### What is needed:
What is needed is a word-for-word copy of the lines below from the one with "Tabela de Medidas" through the one with "Snowy Owl Bird", both included, with every picture left out.

### Records for the task:
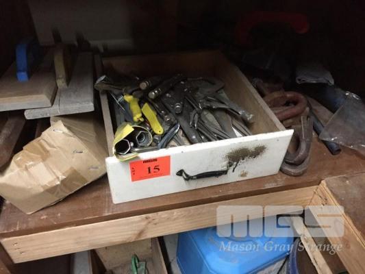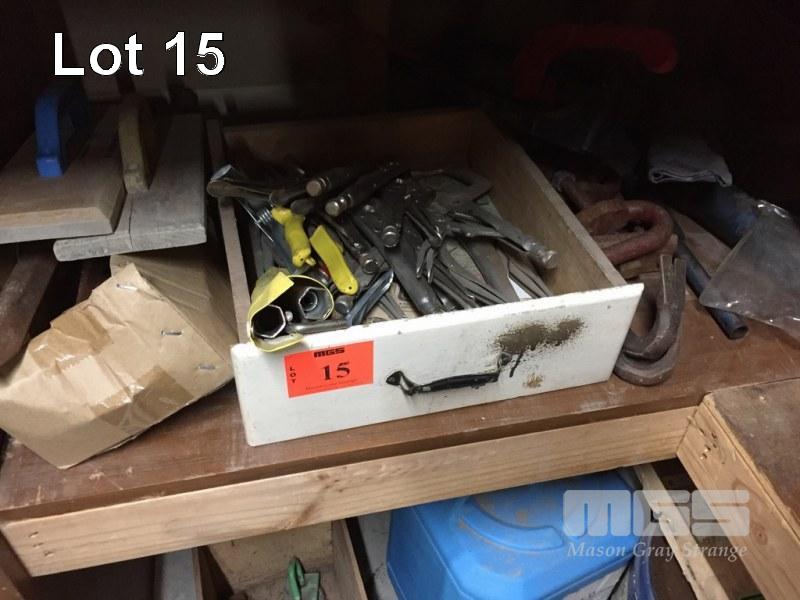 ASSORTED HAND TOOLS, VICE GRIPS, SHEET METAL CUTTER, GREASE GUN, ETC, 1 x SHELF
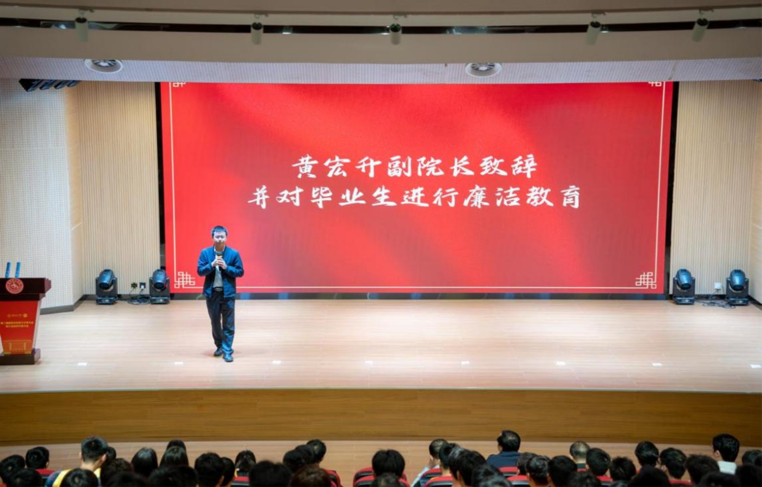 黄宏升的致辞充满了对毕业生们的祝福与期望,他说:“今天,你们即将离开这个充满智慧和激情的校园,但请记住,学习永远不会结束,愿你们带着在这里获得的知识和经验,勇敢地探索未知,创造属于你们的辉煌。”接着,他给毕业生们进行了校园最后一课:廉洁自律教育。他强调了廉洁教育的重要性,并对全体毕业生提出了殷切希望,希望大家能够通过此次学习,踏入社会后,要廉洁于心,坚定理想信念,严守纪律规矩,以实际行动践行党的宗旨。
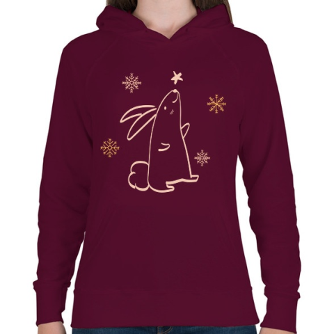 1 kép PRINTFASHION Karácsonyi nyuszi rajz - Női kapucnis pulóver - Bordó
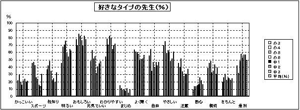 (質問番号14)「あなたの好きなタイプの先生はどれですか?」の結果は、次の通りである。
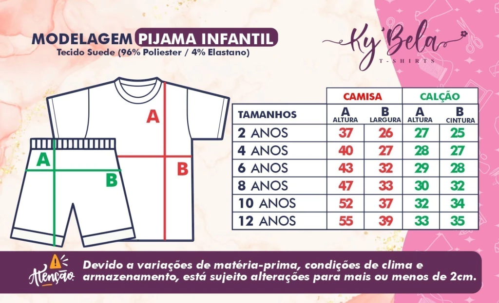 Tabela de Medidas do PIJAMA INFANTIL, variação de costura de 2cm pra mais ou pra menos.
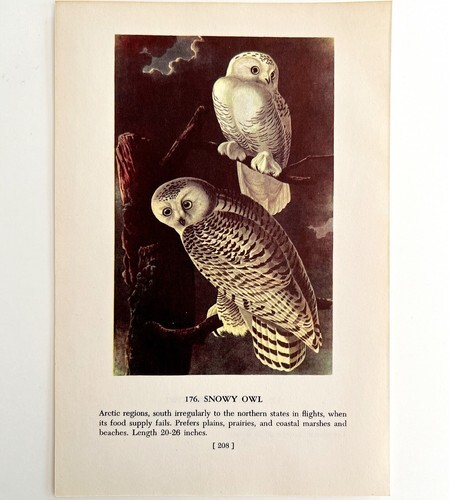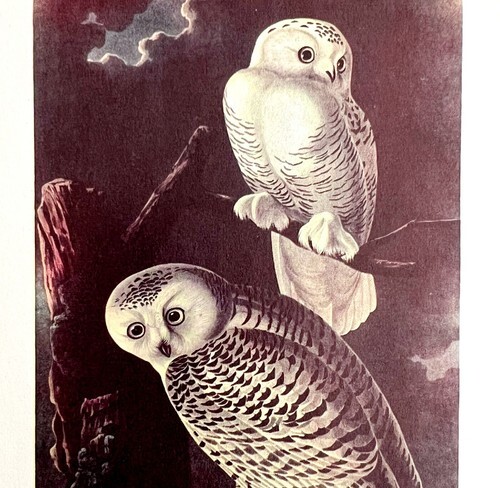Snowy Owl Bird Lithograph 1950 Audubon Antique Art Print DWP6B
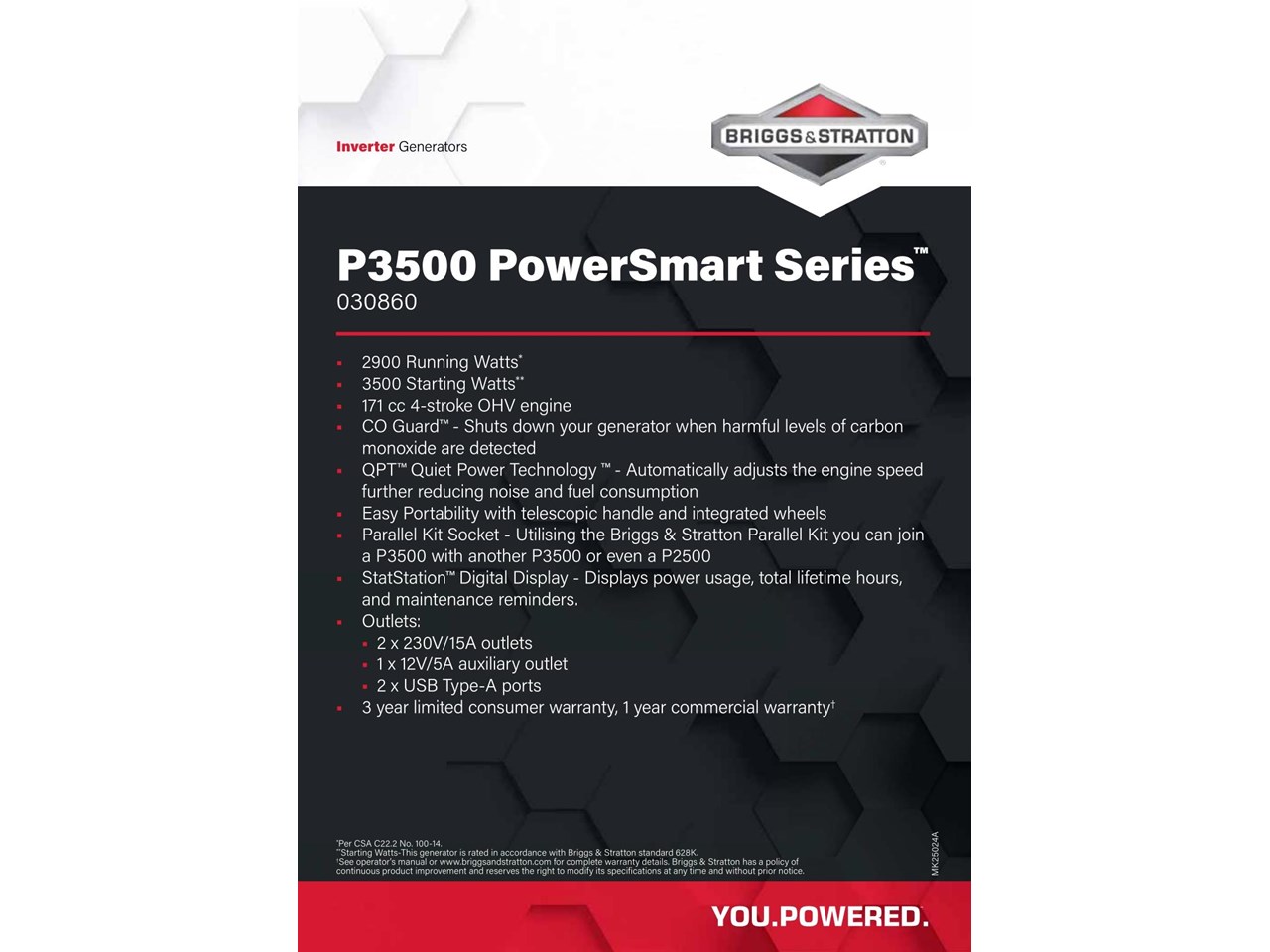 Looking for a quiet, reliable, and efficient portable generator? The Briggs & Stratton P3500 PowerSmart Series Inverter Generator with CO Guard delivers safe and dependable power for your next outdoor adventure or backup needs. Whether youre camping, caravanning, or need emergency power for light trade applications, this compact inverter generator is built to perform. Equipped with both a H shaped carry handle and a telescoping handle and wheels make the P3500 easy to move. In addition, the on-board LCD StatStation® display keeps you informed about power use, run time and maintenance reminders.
---
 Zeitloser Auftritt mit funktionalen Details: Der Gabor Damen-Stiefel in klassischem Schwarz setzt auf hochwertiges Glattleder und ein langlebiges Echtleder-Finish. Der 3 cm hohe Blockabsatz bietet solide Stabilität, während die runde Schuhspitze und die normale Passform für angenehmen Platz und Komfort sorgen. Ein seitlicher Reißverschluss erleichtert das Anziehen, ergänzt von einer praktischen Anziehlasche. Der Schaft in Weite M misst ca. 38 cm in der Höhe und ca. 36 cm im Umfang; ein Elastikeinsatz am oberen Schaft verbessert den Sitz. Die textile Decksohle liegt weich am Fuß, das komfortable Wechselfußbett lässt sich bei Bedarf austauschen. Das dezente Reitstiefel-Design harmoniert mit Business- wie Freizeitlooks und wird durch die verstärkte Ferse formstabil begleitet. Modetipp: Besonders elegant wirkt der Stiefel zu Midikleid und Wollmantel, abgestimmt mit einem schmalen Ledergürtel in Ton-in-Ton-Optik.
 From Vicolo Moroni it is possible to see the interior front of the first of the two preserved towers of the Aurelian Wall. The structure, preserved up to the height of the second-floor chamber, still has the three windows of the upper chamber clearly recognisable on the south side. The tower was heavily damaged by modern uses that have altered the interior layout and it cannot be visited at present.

### Answer for this exercise:
 Tabela de Medidas do PIJAMA INFANTIL, variação de costura de 2cm pra mais ou pra menos.
Snowy Owl Bird Lithograph 1950 Audubon Antique Art Print DWP6B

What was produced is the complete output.